International space station

International space station
Image: Roscosmos

All seven astronauts currently aboard the International Space Station are forced to hide inside their spaceships due to the sudden appearance of a cloud of debris in orbit., the source of which remains unclear.

Information is coming slowly, but we know that the ISS is currently functioning normally and that all seven crew members are healthy and safe. The crew had to take cover this morning due to the sudden appearance of a debris field in orbit. Unexplained decay The defunct Russian satellite Kosmos-1408 is currently the leading candidate for the source of an orbiting space debris cloud.

NASA astronauts Raja Chari, Tom Marshburn, Kayla Barron and ESA astronaut Mathias Maurer take refuge in the SpaceX Crew Dragon spacecraft docked to the ISS, while Russian cosmonauts Anton Shkaplerov, Peter Dubrov and NASA astronaut Mark Vande Hey are inside the Soyuz capsule. Astronauts can use this spacecraft to safely return to Earth in the event of debris damage to the ISS.

V tweetRoskosmos reported that the crew “regularly performs operations in accordance with the flight program” and that the threatening “object” has “retired from ISS orbit.” By “object” the Russian Space Agency means a field of debris. “The station is located in the green zone,” added Roskosmos.

“Friends, we are all right!” tweeted Shkaplerov. “We are continuing to work on the program.”

Despite these assurances, work aboard the ISS will definitely not return to normal. Mission controllers constantly count down each flyby of the debris field (i.e., the closest debris field approaches the ISS). At 10:32 am ET, controllers gave NASA instructions to temporarily enter the Columbus module to complete some quick tasks and collect personal items if they had to stay inside the Dragon overnight (possible indication that this may take a while). …

At first, passes through the debris field happened about once every 93 minutes, but now they happen about once every 30-40 minutes. In an email, Harvard astrophysicist Jonathan McDowell said that: assuming that this is a debris field from a crashed satellite, “there will be a large scale of error as to whether there is a risk to the ISS, hence the caution.”

The source of the debris field remains unconfirmed, but its sudden appearance coincides with reports that Russia has tested anti-satellite weapons. V tweetGunther Krebs, physicist and editor of the Gunter’s Space Page, said the target was “an old Soviet Tselina-D SIGINT satellite called Kosmos-1408 (1982-092A), launched in 1982, which has not worked for several decades,” and that ” 14 pieces of debris were found. ” But Krebs warns: “So far, no confirmation from official sources.”

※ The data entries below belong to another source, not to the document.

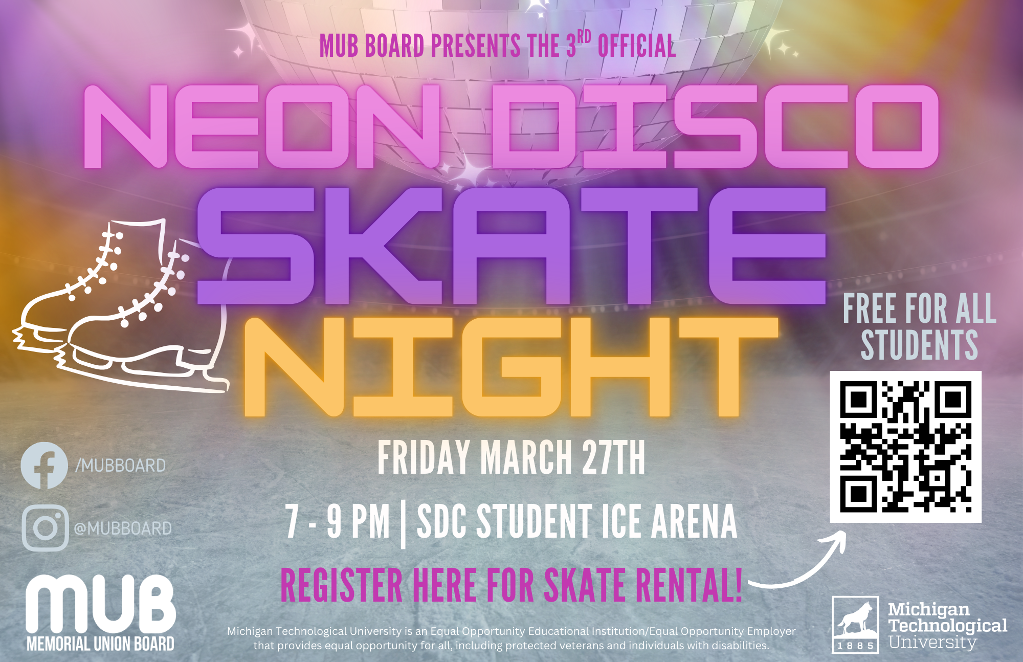 The popular neon disco skate night is BACK! Join for a night of fun lights, awesome music and FREE skate rentals! Sign up here for a timeslot rental or if you have your own skates show up any time! (Helmets are required for all) We hope to see you there for this night of skating fun!
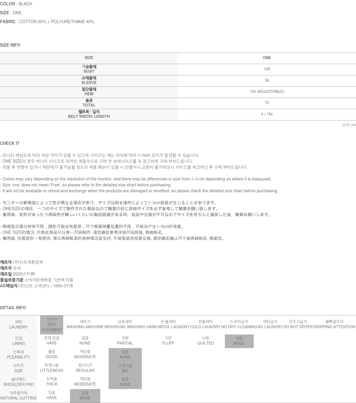 • DINT的所有商品, 使用一般洗滌或是烘乾機, 皆有可能成爲變形或是商品損傷的原因, 建議您使用乾洗.
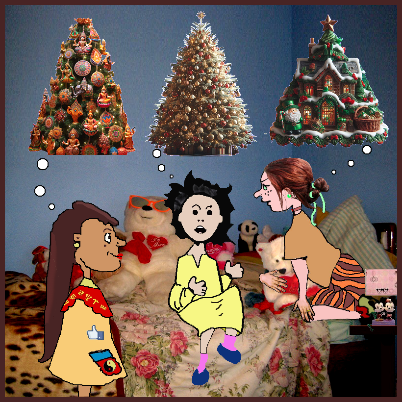 Cathy left the room, considering the whole affair concluded. But the three girls just watched her walk out, not even caring what Cathy thought. They sat quietly, each thinking hard about where they could find a tree, how to gather the decorations, and who could help. Karma suggested finding a tree in the woods and cutting it down. But how do you do that?
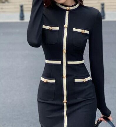 Single breast elegant waist slim middle knit dress
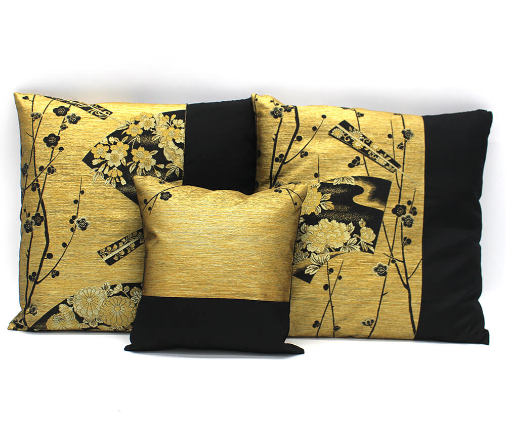 このクッションカバーは、リメイクされた帯から作られています。
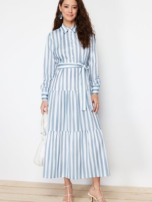 Trendyol Modest Mavi Astarsız Çizgili Dokuma
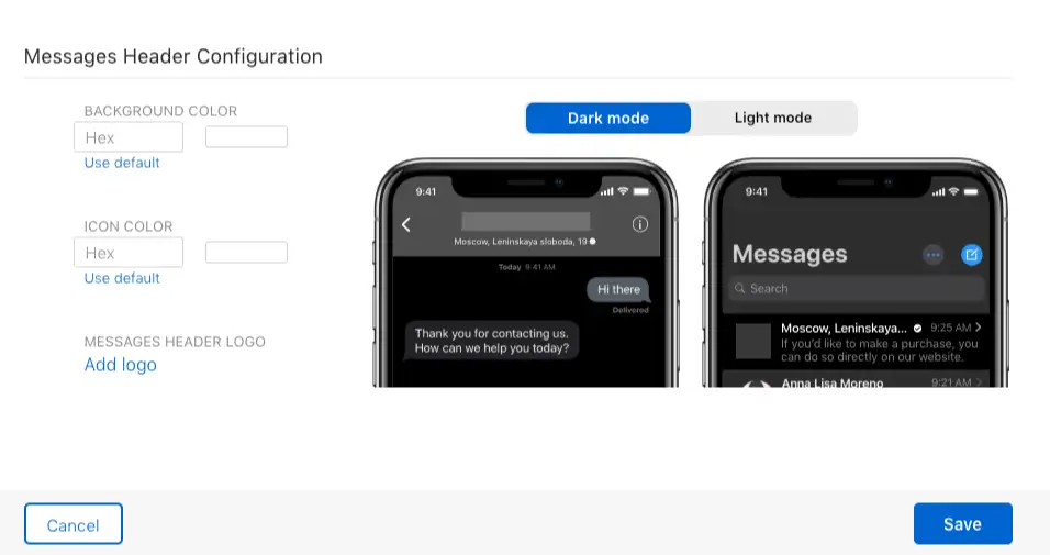 Ardından, "İleti Başlığı Yapılandırması" bölümünde (Messages Header Configuration), iletişim başlığınızın, sohbetteki gezinme düğmelerinin ("Bilgi" ve "Geri") renklerini ayarlayın ve logolarınızı yükleyin.
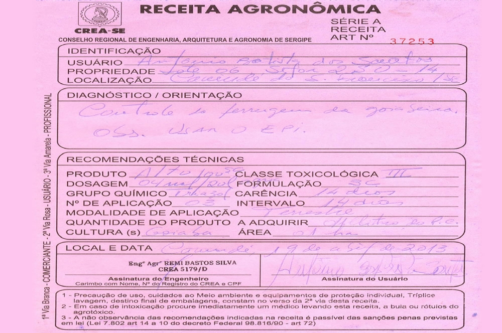 Segundo o engenheiro agrônomo da Cohidro, Arício Resende Silva, a receita agronômica tira todas as dúvidas que o agricultor pode ter no momento da compra e da aplicação. “Vem descrito o nome comercial do produto, para facilitar de ser encontrado no varejo, a quantidade, a forma como deve ser feita a aplicação e a recomendação do uso do EPI no ato da aplicação. Além disso, é descrito o número de aplicações, o período de carência entre a última aplicação do agrotóxico e a colheita da cultura”.

US Space forces are “aware of a debris incident in outer space” and “are working to characterize the debris field and will continue to ensure that all space powers have the information they need to maneuver satellites in the event of a collision,” tweeted space reporter Joey Roulette of the New York Times.

Today’s incident took place less than a week after the ISS had to emergency maneuver to avoid potentially dangerous space debris. In this case, it was the remnant of the Fengyun-1C meteorological satellite, which China deliberately destroyed in 2007 as part of an anti-satellite missile test. India did something similar in 2019, joining the United States, Russia, and China as countries in testing anti-satellite weapons. V 1967 UN Outer Space Treaty currently prohibits the use of weapons of mass destruction in space.

This is a developing story and we will update this article how do we find out more.